Dataset entries:
* * * * *
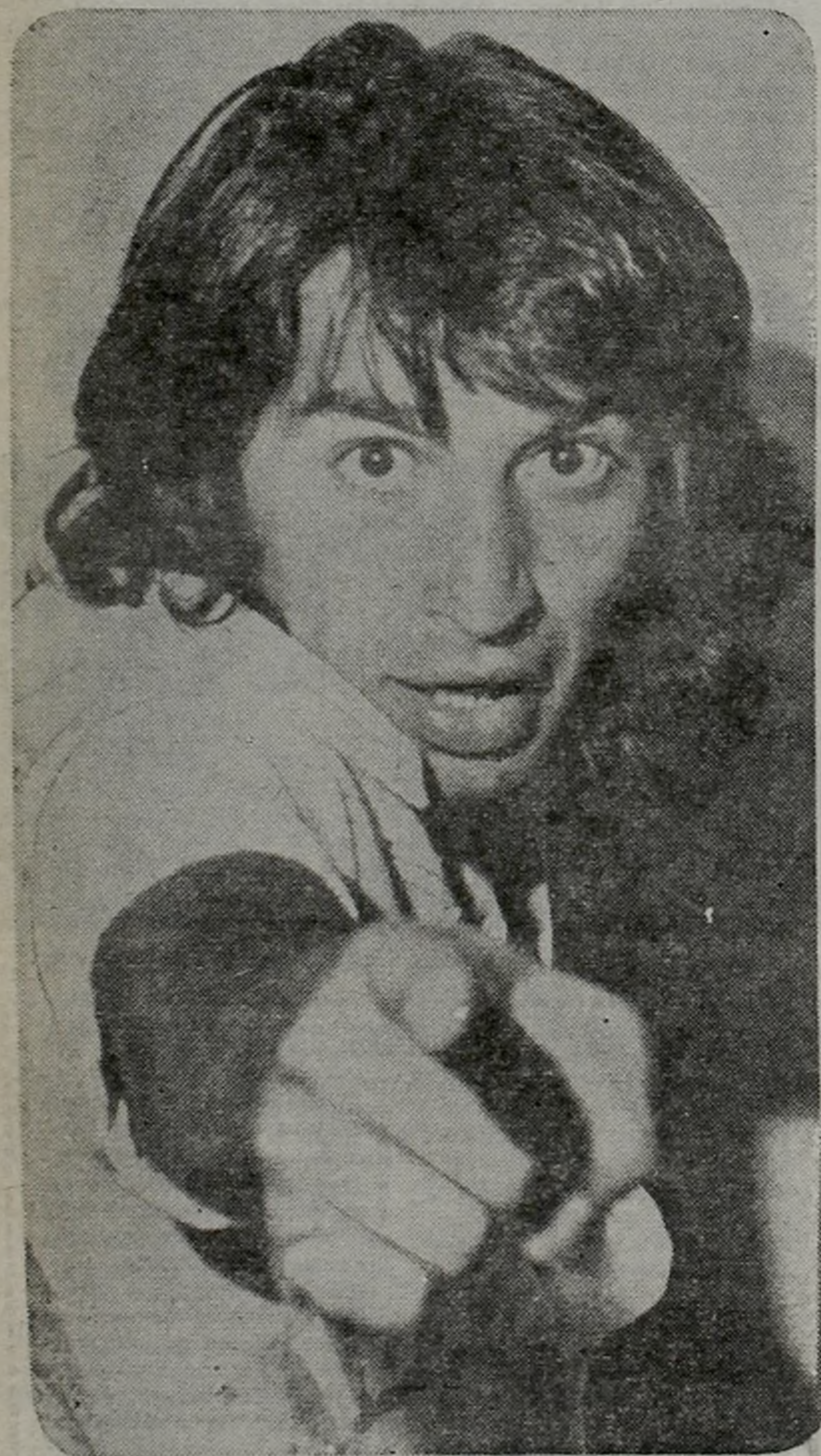
OTRA CAMISETA. Sandro y un sensacional pase de sello.

La noticia no es de esas que pueden darse muy a menudo. Suele suceder, pero muy de cuando en cuando, que un cantante y compositor de primera línea deje de colaborar con la grabadora que lo vio crecer para pasarse a otra de idéntica categoría.
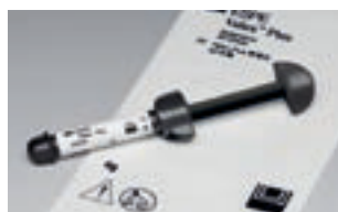
Recharge Valux™ Plus
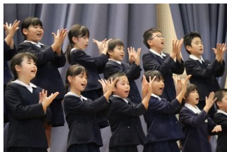
4年 歌と手話「ありがとうの花」
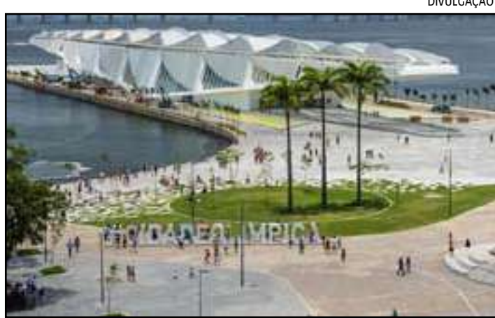
• Marca é referente aos primeiros 8 meses de 2023

Uma pluralidade de atrações temporárias que estiveram em cartaz este ano contribuíram para o aumento significativo de público: a exposição “Sebastião Salgado – Amazônia”, antes de se despedir no dia 12 de fevereiro, encantou durante boa parte das férias escolares no início do ano; “Celular 50”, que ficou em cartaz até 20 de agosto, contou a história do aparelho desde sua primeira versão; a mostra de literatura expandida “Sai-Fai”, que segue até 12 de novembro, além da instalação “Cidade na Floresta”, da
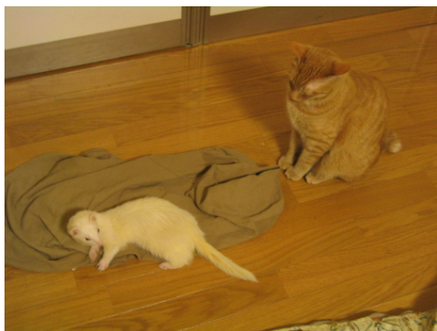
図 1.2 適当なサンプル 2
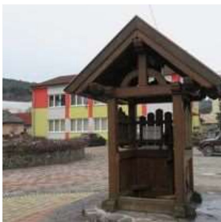
Obr. 5/IV/2021-Studňa na námestí SNP – opravy
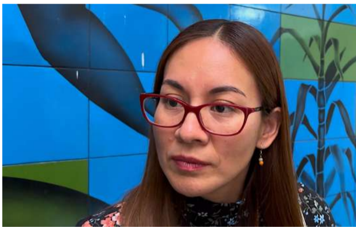
La presidenta municipal reveló irregularidades en la corporación policiaca

Mientras se fortalece la plantilla, la Fuerza de Reacción Inmediata Pakal (FRIP) mantiene presencia en el municipio desde el pasado 23 de febrero, realizando labores de vigilancia en coordinación con la
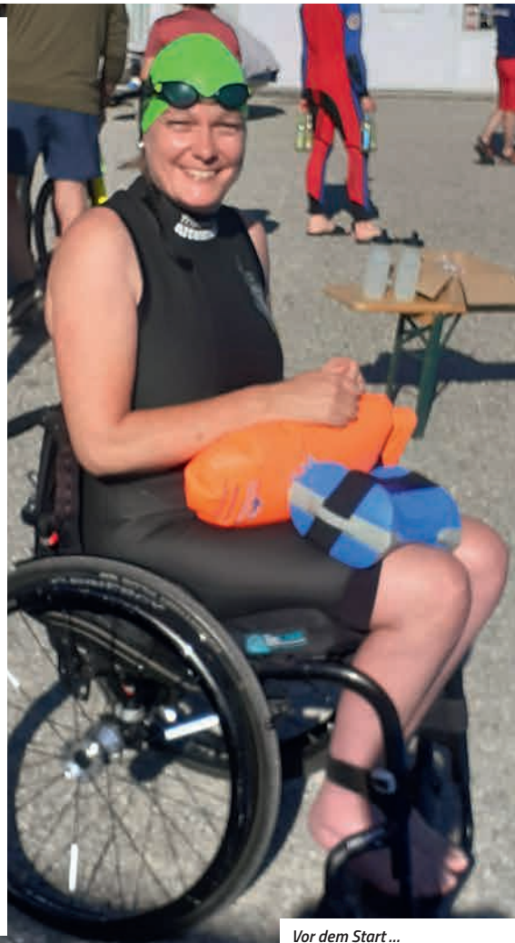
Vor dem Start ...

Ich freue mich über die Offenheit des Veranstalters und die vielen anpackenden Hände, die mir dieses besondere Erlebnis ermöglicht haben. Danke.
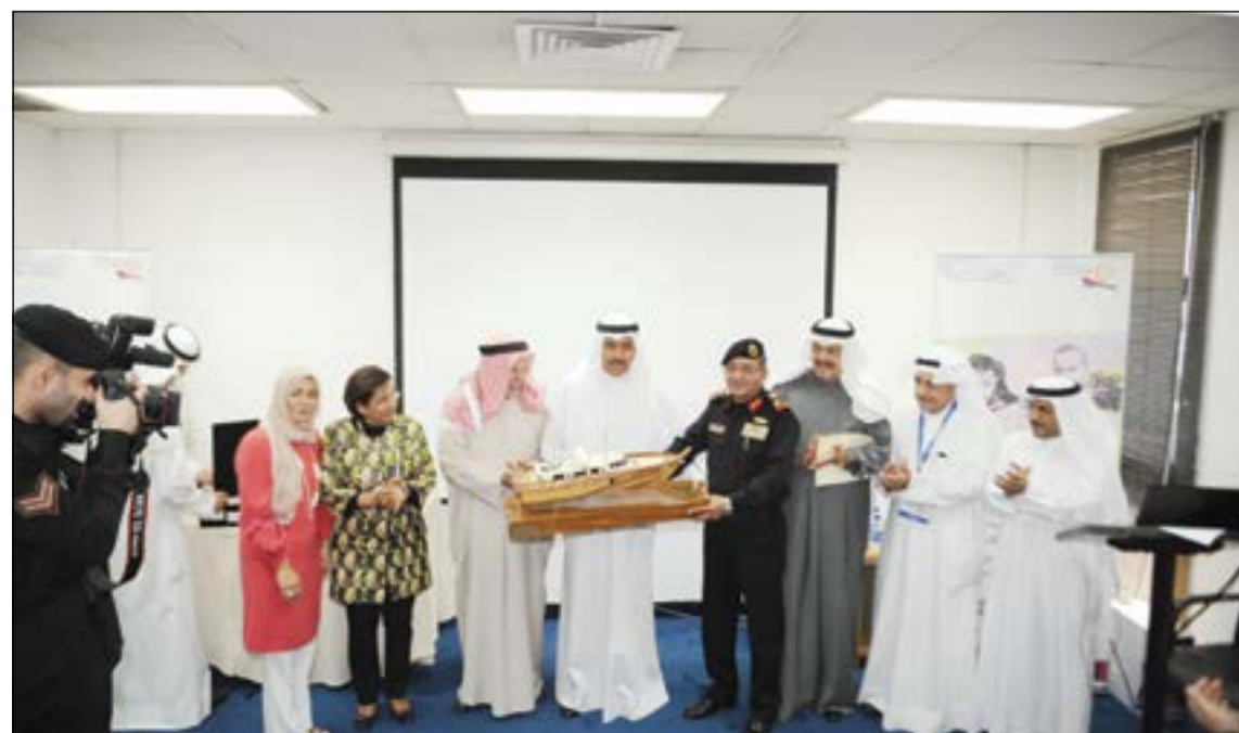
إهداء نموذج لقارب رحلة الأمل
* * * * *
▶ Goal of the exercise
Output the entries above verbatim, leaving out images.

▶ Task response
OTRA CAMISETA. Sandro y un sensacional pase de sello.

La noticia no es de esas que pueden darse muy a menudo. Suele suceder, pero muy de cuando en cuando, que un cantante y compositor de primera línea deje de colaborar con la grabadora que lo vio crecer para pasarse a otra de idéntica categoría.
Recharge Valux™ Plus
4年 歌と手話「ありがとうの花」
• Marca é referente aos primeiros 8 meses de 2023

Uma pluralidade de atrações temporárias que estiveram em cartaz este ano contribuíram para o aumento significativo de público: a exposição “Sebastião Salgado – Amazônia”, antes de se despedir no dia 12 de fevereiro, encantou durante boa parte das férias escolares no início do ano; “Celular 50”, que ficou em cartaz até 20 de agosto, contou a história do aparelho desde sua primeira versão; a mostra de literatura expandida “Sai-Fai”, que segue até 12 de novembro, além da instalação “Cidade na Floresta”, da
図 1.2 適当なサンプル 2
Obr. 5/IV/2021-Studňa na námestí SNP – opravy
La presidenta municipal reveló irregularidades en la corporación policiaca

Mientras se fortalece la plantilla, la Fuerza de Reacción Inmediata Pakal (FRIP) mantiene presencia en el municipio desde el pasado 23 de febrero, realizando labores de vigilancia en coordinación con la
Vor dem Start ...

Ich freue mich über die Offenheit des Veranstalters und die vielen anpackenden Hände, die mir dieses besondere Erlebnis ermöglicht haben. Danke.
إهداء نموذج لقارب رحلة الأمل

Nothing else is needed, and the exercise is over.